TASK DETAILS
The reply should hold only the lines below beginning at the one with "Purple Amethyst Cubic" and ending at the one with "Hydraulic Dirven Submersible", copied exactly, with every picture left out.

TASK DATA
◆ ◆ ◆ ◆

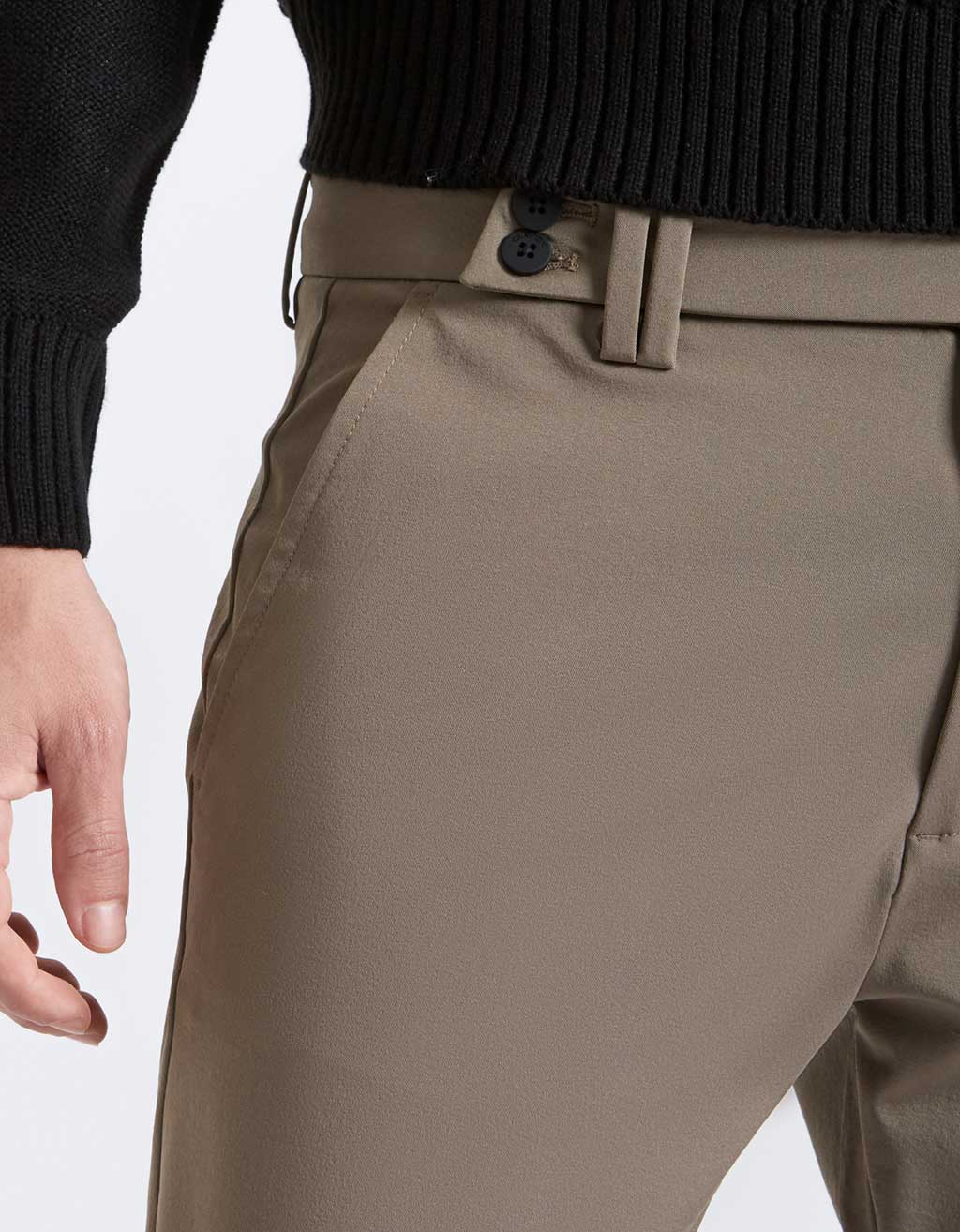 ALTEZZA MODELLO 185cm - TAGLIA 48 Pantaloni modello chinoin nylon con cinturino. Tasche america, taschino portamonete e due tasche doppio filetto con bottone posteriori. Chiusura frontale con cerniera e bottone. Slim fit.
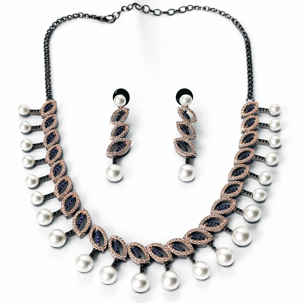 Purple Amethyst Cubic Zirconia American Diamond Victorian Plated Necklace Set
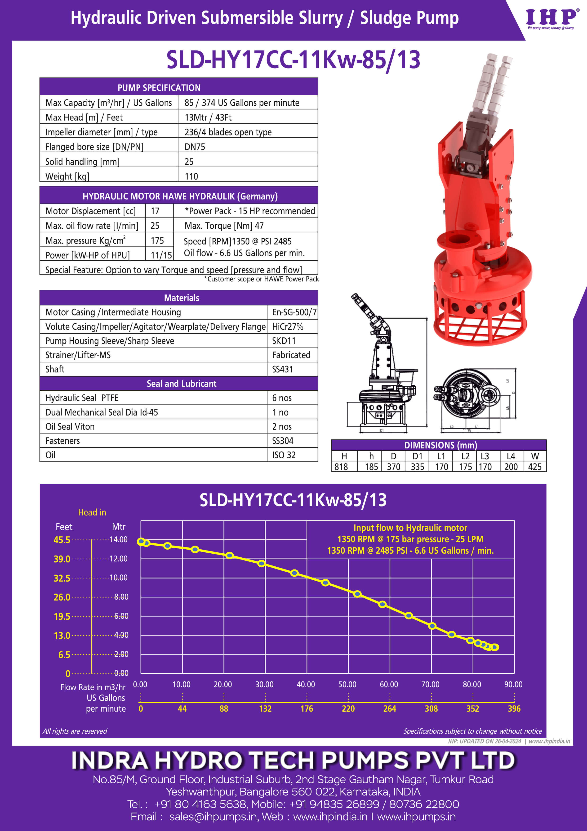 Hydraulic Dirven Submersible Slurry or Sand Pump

◆ ◆ ◆ ◆

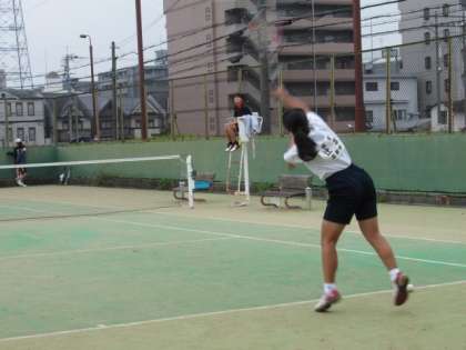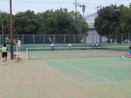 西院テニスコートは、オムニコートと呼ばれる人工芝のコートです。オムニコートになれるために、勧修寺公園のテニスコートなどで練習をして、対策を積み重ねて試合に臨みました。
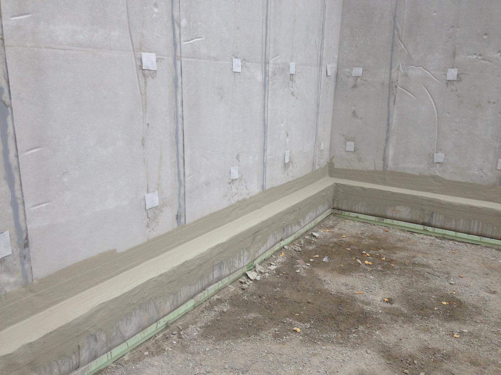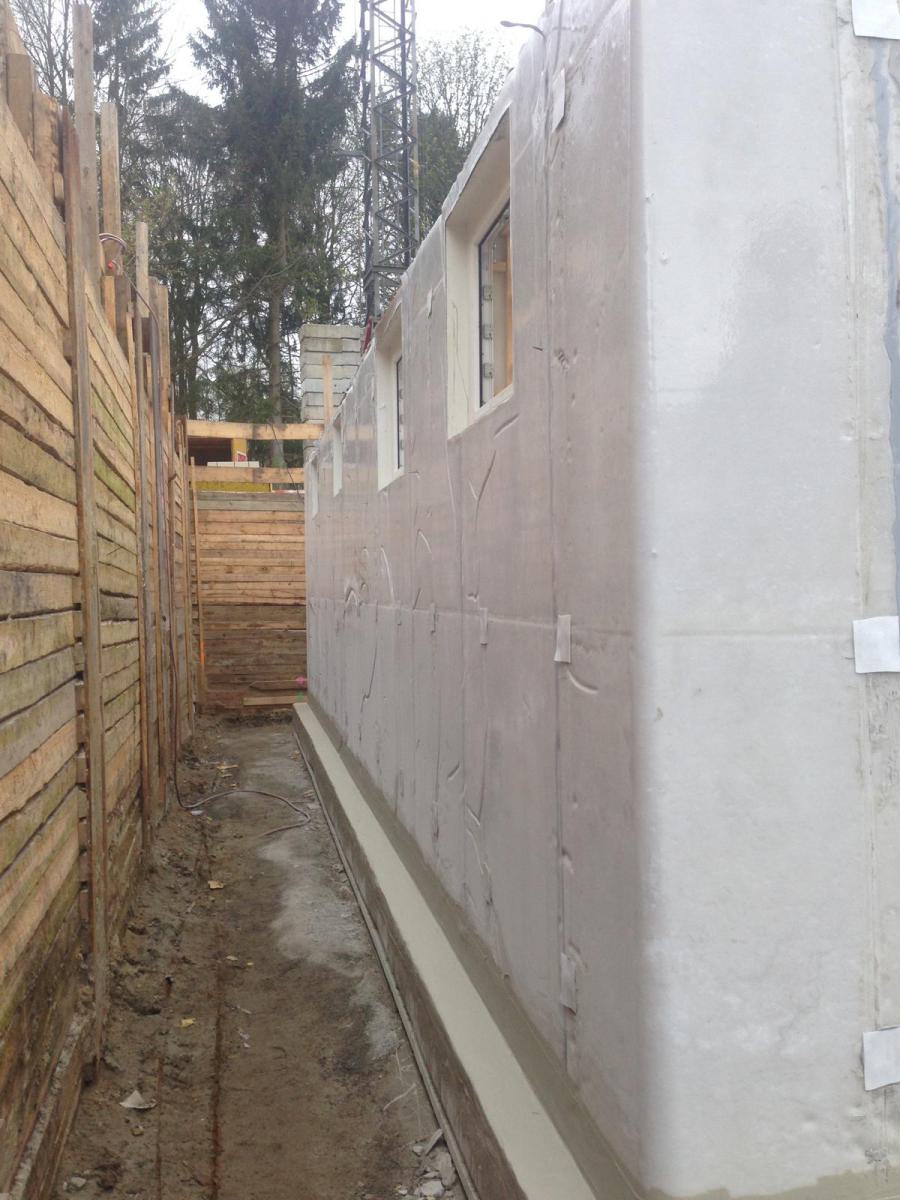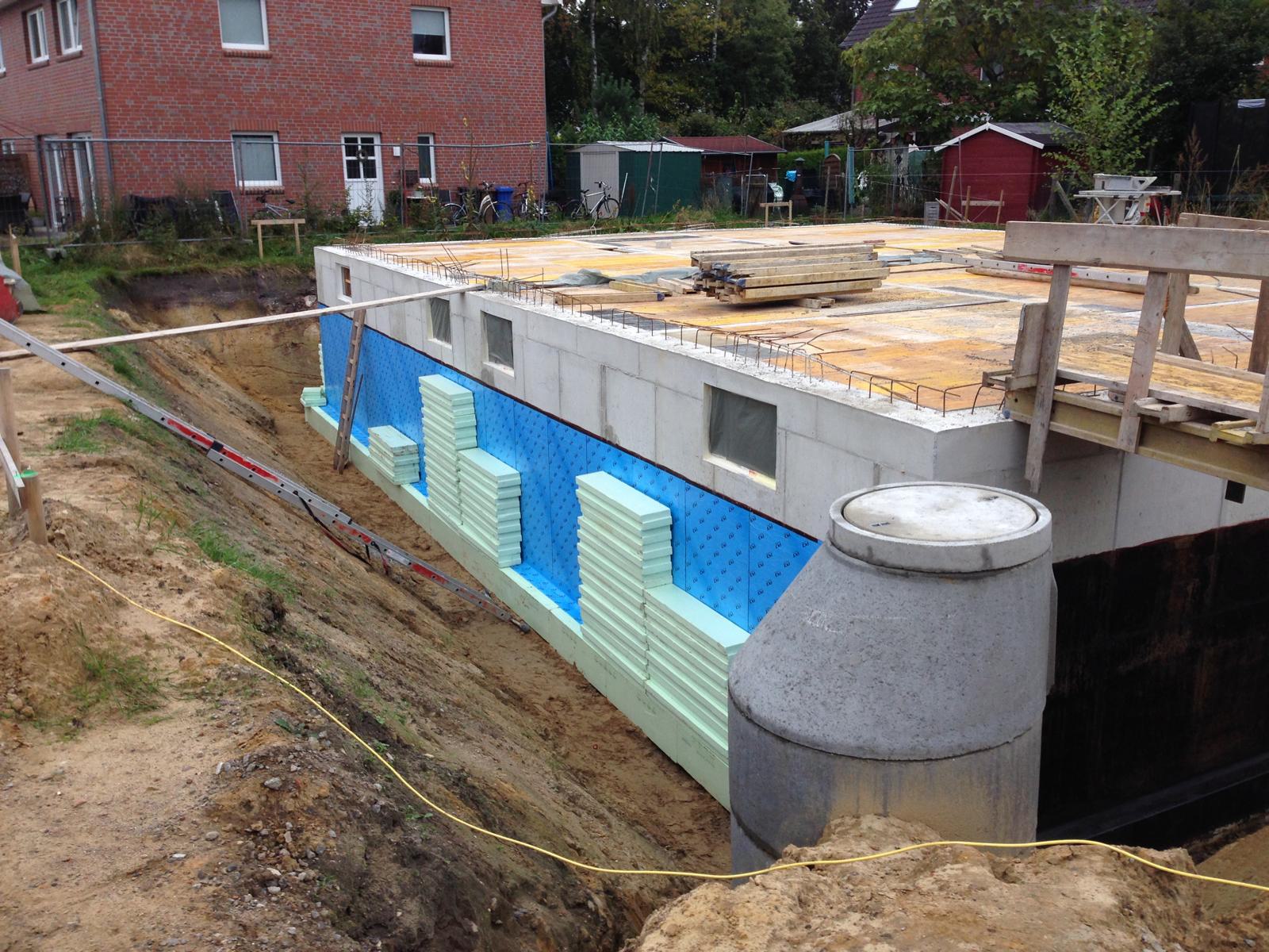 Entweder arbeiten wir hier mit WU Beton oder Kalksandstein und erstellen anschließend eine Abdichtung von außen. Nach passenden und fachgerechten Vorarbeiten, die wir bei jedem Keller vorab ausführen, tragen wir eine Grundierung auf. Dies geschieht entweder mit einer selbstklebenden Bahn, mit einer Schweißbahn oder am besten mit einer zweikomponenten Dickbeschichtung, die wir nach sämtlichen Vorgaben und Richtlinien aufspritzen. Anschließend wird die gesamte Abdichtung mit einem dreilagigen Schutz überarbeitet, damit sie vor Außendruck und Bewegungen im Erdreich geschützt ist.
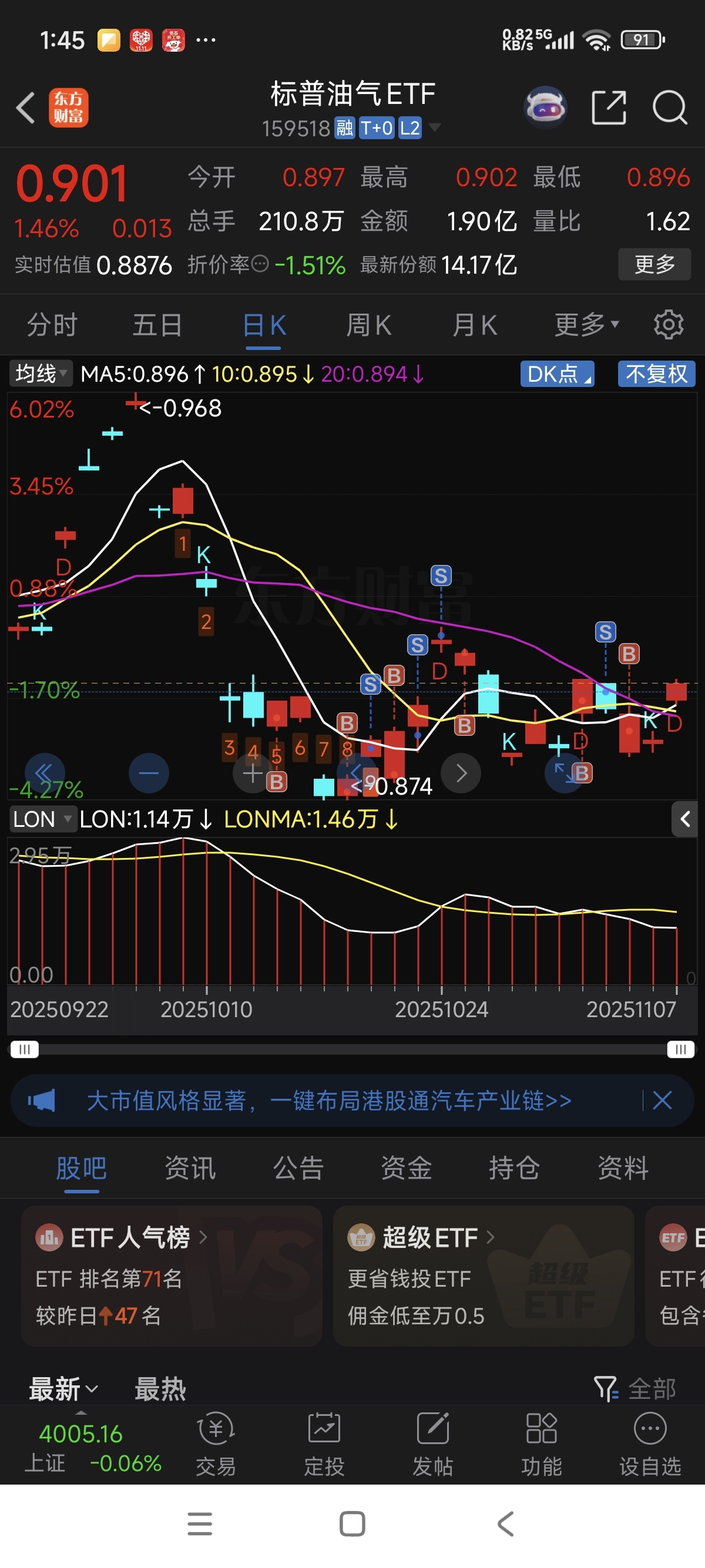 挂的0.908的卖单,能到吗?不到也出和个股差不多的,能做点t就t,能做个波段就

◆ ◆ ◆ ◆

SOLUTION FOR THIS EXERCISE
 Purple Amethyst Cubic Zirconia American Diamond Victorian Plated Necklace Set
 Hydraulic Dirven Submersible Slurry or Sand Pump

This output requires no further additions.